• DATA TO EXAMINE
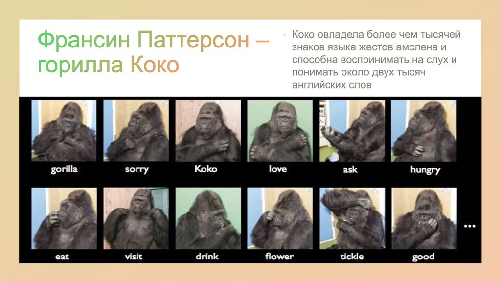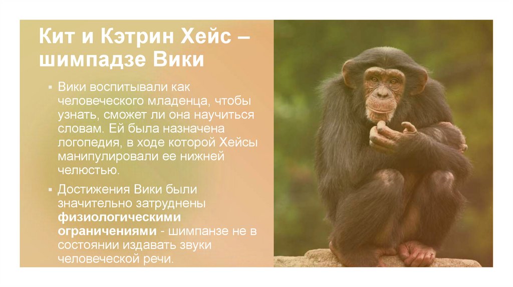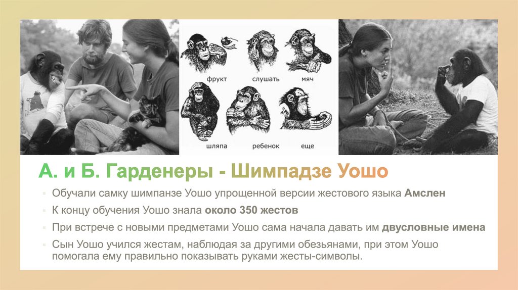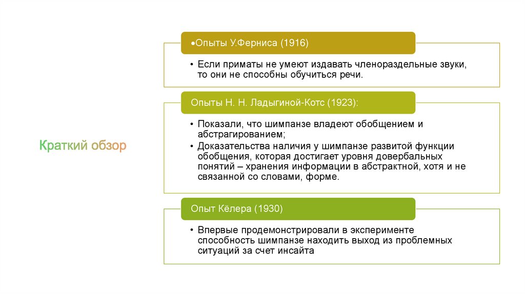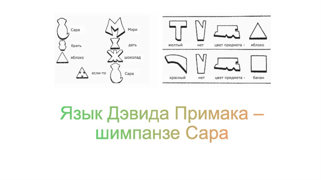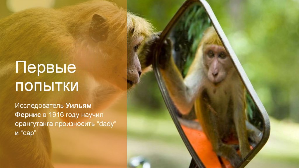 Опыты У.Ферниса (1916)• Если приматы не умеют издавать членораздельные звуки,
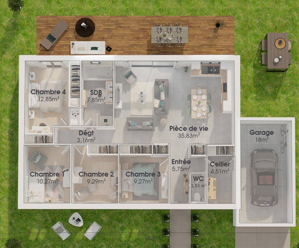 Nous construisons votre villa RE 2020 sur cette parcelle de 860m² non divisible, située dans un petit lotissement de 4 lots .
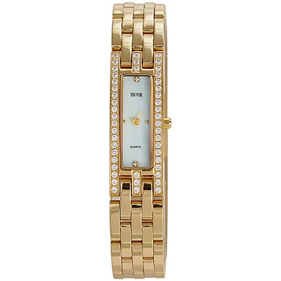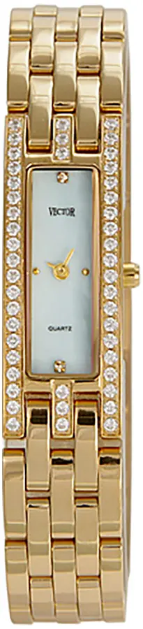 A VECTOR KIMBERLY V-1028 karóra cseppálló, aranyszínű nemesacél tokkal, domború edzett kristályüveggel, aranyszínű tömör szemekből álló acélcsattal, pillangózáras csatközéppel készül. Az órát pontos quartz óraszerkezet működteti, mely elemmel működik (kb. 3 év az elem várható élettartama).
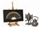 Lotto composto da due samovar, un cavalletto da pittore da tavolo ed un ventagl
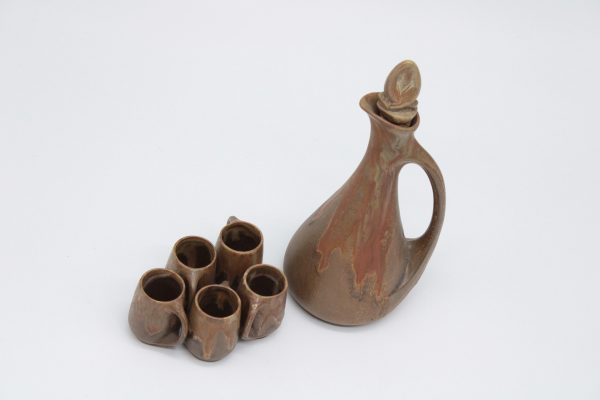 Unique Brown stoneware liqueur set with drip decor, comprising of a carafe and five glasses with handles on a circular tray.DENBAC
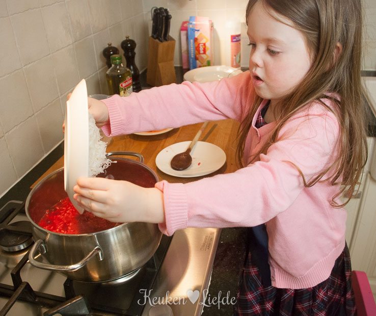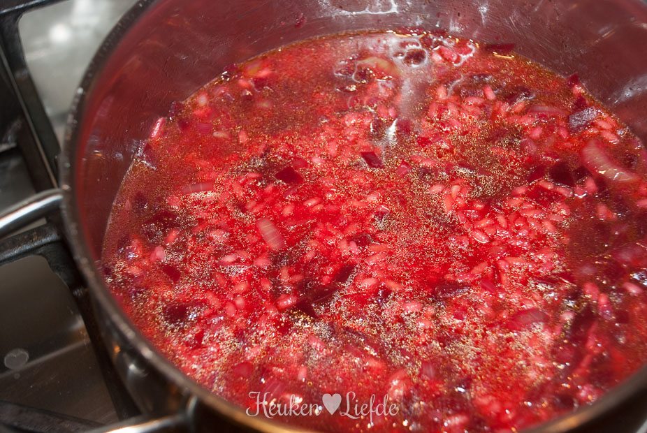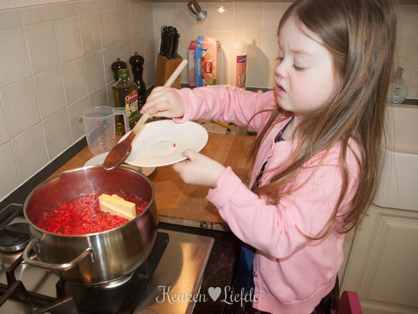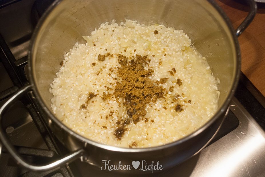 Verkruimel de bouillontabletten over de risotto en voeg zoveel water toe totdat de risotto net onder staat. Roer even door, voeg de bietjes toe (mijn bietjes waren nog vrij hard, dus voegde ik ze al direct toe om verder te laten garen) en laat op laag vuur zachtjes pruttelen. Voeg steeds opnieuw wat water toe als het vorige bijna is opgenomen (de risotto mag niet te droog worden!).
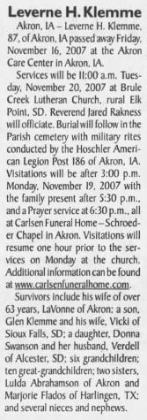 | 1983 | RR #2, Akron, Iowa | As of 1983, Leverne Harold Klemme's address was RR #2, Akron, Iowa; but they live in southeastern South Dakota. |
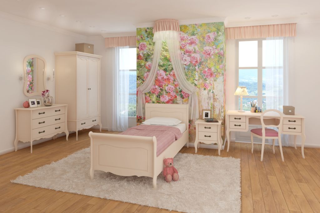 В основе каждого дизайна лежит грамотная подборка предметов интерьера. Для детской комнаты в стиле прованс подбирают мебель из натуральной древесины. Её форма зависит от общей идеи дизайна – лаконичная (с округлыми и изящными линиями) или по-деревенски простая.
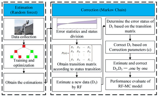 The Markov chain with stationary distribution (described above) implies that the transition probabilities are independent of the time, which means that the transition probabilities of past estimation errors are theoretically the same as the transition probabilities of the present estimation errors [28]. The statistics of past estimation errors can be used as a basis for judging the errors of the new estimates [29]. In this study, the method of using RF for estimation and then using a Markov chain to estimate the error range and correct the estimation results is known as the random forest-Markov chain (RF-MC) model. The RF-MC model is applied along the following logical lines.
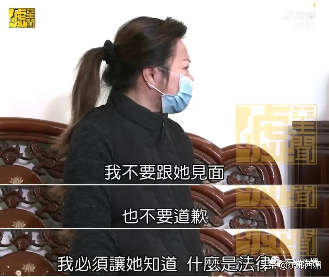 她在为女儿祭奠的小佛堂外举办了记者发布会,提起女儿两眼含泪,却还是坚定向所有人表态:“我不要跟她见面,也不要道歉,我必须让她知道什么是法律。”
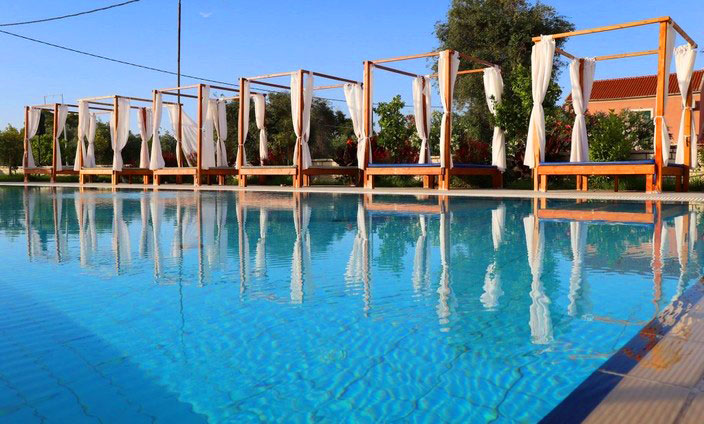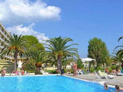 This was my first time in Greece, and Corfu is a wonderful island. The hotel is not to modern feeling, still keeping the rustic feeling without sacrificing amenities. It can be a long walk to and from the restaurant where breakfast, lunch, and dinner is served, but if you only want something to drink, all apartment complexes has a bar with coffe, wine, beer, cocktails, and soft drinks to chose from. Across the sea, you have a wonderful view of the mountainous coast of Albania, and the hotel offers multiple pools of varying depth for toddler and adults alike.

• TASK INSTRUCTIONS
The records above must be echoed exactly, minus their pictures.

• ANSWER SECTION
 Опыты У.Ферниса (1916)• Если приматы не умеют издавать членораздельные звуки,
 Nous construisons votre villa RE 2020 sur cette parcelle de 860m² non divisible, située dans un petit lotissement de 4 lots .
 A VECTOR KIMBERLY V-1028 karóra cseppálló, aranyszínű nemesacél tokkal, domború edzett kristályüveggel, aranyszínű tömör szemekből álló acélcsattal, pillangózáras csatközéppel készül. Az órát pontos quartz óraszerkezet működteti, mely elemmel működik (kb. 3 év az elem várható élettartama).
 Lotto composto da due samovar, un cavalletto da pittore da tavolo ed un ventagl
 Unique Brown stoneware liqueur set with drip decor, comprising of a carafe and five glasses with handles on a circular tray.DENBAC
 Verkruimel de bouillontabletten over de risotto en voeg zoveel water toe totdat de risotto net onder staat. Roer even door, voeg de bietjes toe (mijn bietjes waren nog vrij hard, dus voegde ik ze al direct toe om verder te laten garen) en laat op laag vuur zachtjes pruttelen. Voeg steeds opnieuw wat water toe als het vorige bijna is opgenomen (de risotto mag niet te droog worden!).
 | 1983 | RR #2, Akron, Iowa | As of 1983, Leverne Harold Klemme's address was RR #2, Akron, Iowa; but they live in southeastern South Dakota. |
 В основе каждого дизайна лежит грамотная подборка предметов интерьера. Для детской комнаты в стиле прованс подбирают мебель из натуральной древесины. Её форма зависит от общей идеи дизайна – лаконичная (с округлыми и изящными линиями) или по-деревенски простая.
 The Markov chain with stationary distribution (described above) implies that the transition probabilities are independent of the time, which means that the transition probabilities of past estimation errors are theoretically the same as the transition probabilities of the present estimation errors [28]. The statistics of past estimation errors can be used as a basis for judging the errors of the new estimates [29]. In this study, the method of using RF for estimation and then using a Markov chain to estimate the error range and correct the estimation results is known as the random forest-Markov chain (RF-MC) model. The RF-MC model is applied along the following logical lines.
 她在为女儿祭奠的小佛堂外举办了记者发布会,提起女儿两眼含泪,却还是坚定向所有人表态:“我不要跟她见面,也不要道歉,我必须让她知道什么是法律。”
 This was my first time in Greece, and Corfu is a wonderful island. The hotel is not to modern feeling, still keeping the rustic feeling without sacrificing amenities. It can be a long walk to and from the restaurant where breakfast, lunch, and dinner is served, but if you only want something to drink, all apartment complexes has a bar with coffe, wine, beer, cocktails, and soft drinks to chose from. Across the sea, you have a wonderful view of the mountainous coast of Albania, and the hotel offers multiple pools of varying depth for toddler and adults alike.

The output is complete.